The words of Malcolm X sum up my next few paragraphs. “You’re not supposed to be so blind with patriotism that you can’t face reality. Wrong is wrong, no matter who says it.”

Is the North still united, as was the case, what about her oligarchy and a few leftist socialist activists that set the talakawa agenda, what happened? What is it that needs to be understood about the almajiri system and institutional begging in the North? Whether Abacha, Shagari, IBB or Buhari, the fact is that Katsina has become a kidnap and killing field even with her son at the helm, something is not, just right?

What do Northern Nigeria governors do to bring hospitals and good roads and schools even in their villages, how about our Ministers, all those Abuja bureaucracy top shots, is it that we are cursed, or the people are the curse?

The North and the agitating Middle Belt is an emotional wreck, a perfect picture of an abused bride that today is even afraid of a hug of reconciliation, with rehabilitation and reconstruction a far cry as destruction continues. If the North decides to go away from Nigeria, will the other component part fight to keep it and would it really be 19 states?

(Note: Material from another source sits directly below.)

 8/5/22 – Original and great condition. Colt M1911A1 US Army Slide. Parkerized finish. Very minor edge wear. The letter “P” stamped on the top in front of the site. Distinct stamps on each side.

People still believe that up North we are all empty landmass and goats, unproductive, and leeching termites stuck on Nigeria because of the oil. Zamfara’s mines are gold for the asking and we could develop a self-sufficient and exportable agrarian community in the entire North but not with this unbelievable level of insecurity.

What is the Arewa ideology? Everyone is on a blame ride, the bulk stops at Mr. Buhari’s table, but as ‘Northerners’ have we blamed him enough, tasked him enough, the TY Danjumas, or alfa IBB, Mallam Audu Ogbeh, Sir El-Rufai or Rev. Lalong, Ministers, legislators, and their ilk from the North, what examples have they set?

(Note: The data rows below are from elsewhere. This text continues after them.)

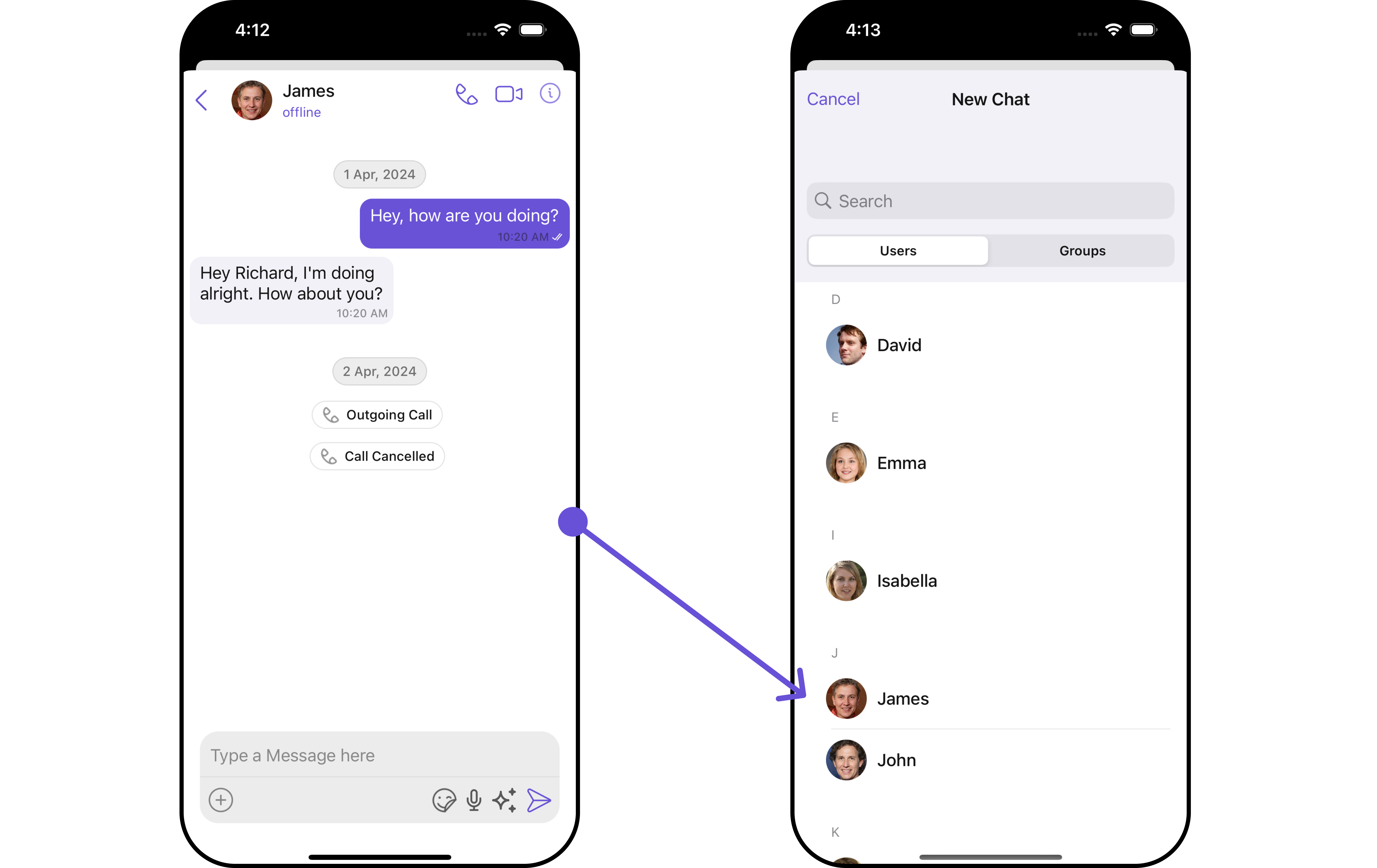 Since CometChatConversationsWithMessages is a view controller, it can be launched either by a button click or through any event’s trigger. It inherits all the customizable properties and methods of CometChatConversations. View Controller: To use ConversationsWithMessages in your view controller, use the following code snippet.
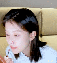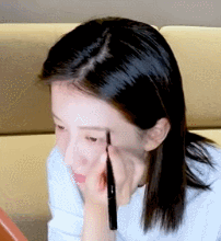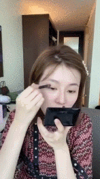 之后就是十分重要的眉毛部分,乔欣选择用双头的眉笔,一边画出眉毛的轮廓感然后填色,另一边用来过度让颜色更加自然。
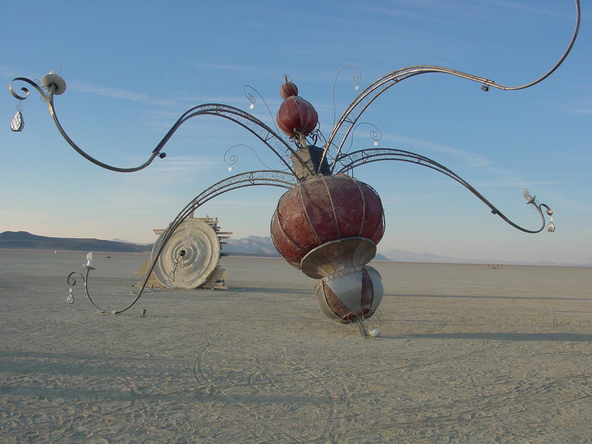 This is one art installation that I had seen before I ever got to Burning Man. During one of the meetings at Burning Man Headquarters in San Francisco I saw a model of an art installation. I turned to someone and said, "Is someone really going to build this?" They said, "Apparently." The model make it apparent that some very heavy slabs of material were to be suspended over the desert from what looked like an inadequate frame. (Disclaimer: I'm pretty sure the people who designed this took the engineering into account.... since this was eventually to end up in some public place other than Burning Man). I made a mental note to find it when I got there.

The economy of the North has crumbled due to insecurity unleashed on the region by terrorists, bandits, the political elite and class, and a huge army of unemployed youths. All our very hardworking governors, political class and elite do not think they can muster enough political power and purpose with the traditional and religious institutions, to put an end to all the killings south of Kaduna, Taraba, Benue, Katsina, Adamawa, Yobe, and the epicenter Borno? We ranted that power must come back to the north, we took it from GEJ, with our usual it’s our birthright mentality. What have we done with it?

How many Ashaka/Larfarge cement companies do we have in the North, NASCO in Jos has since functioned in a state of coma, Kaduna textiles industry, since dead, buried and forgotten, and many industries in Kano have since conducted funeral rites

Leadership in the North has not delivered for our people and these are sources of conflict and underlining frustrations that have not been adequately addressed. We have failed ourselves as a component part of Nigeria. With power, we have failed to give our people opportunity, education and resolve conflicts through regular democratic processes.

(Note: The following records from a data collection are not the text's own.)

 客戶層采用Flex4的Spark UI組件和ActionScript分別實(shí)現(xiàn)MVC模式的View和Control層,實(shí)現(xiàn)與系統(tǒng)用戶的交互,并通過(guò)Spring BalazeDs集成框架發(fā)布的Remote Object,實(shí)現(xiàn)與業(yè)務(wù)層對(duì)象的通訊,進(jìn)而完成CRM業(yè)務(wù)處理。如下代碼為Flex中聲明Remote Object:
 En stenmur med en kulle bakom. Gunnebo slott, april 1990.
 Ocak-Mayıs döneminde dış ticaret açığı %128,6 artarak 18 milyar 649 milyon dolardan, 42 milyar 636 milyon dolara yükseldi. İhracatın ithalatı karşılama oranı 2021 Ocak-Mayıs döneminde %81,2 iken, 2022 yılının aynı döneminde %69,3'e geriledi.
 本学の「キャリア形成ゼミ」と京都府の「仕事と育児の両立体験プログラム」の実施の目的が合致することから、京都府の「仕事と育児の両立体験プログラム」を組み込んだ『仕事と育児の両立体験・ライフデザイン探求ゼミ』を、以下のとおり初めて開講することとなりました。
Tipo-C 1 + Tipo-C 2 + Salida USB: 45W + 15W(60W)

The human capital and young people lie waste, we are not educating our youth and providing them with the skill to compete in a highly technological, advanced world economy, while Nigeria has failed in this regard and the North has woefully crashed in the same vein.

The North is seen as a Fulani herdsman asking for reserves on other peoples’ lands and seeking nomadic education because we can’t do regular school. We need to bash ourselves, the North, Arewa needs to stop lying to herself and her people, as the current realities are grim.

We need to pray small, to think more, plan more, work harder, RELATE BETTER, and talk less. This is to the North but it does apply to Nigeria, the current insecurity quotient is high, to what end—only time will tell.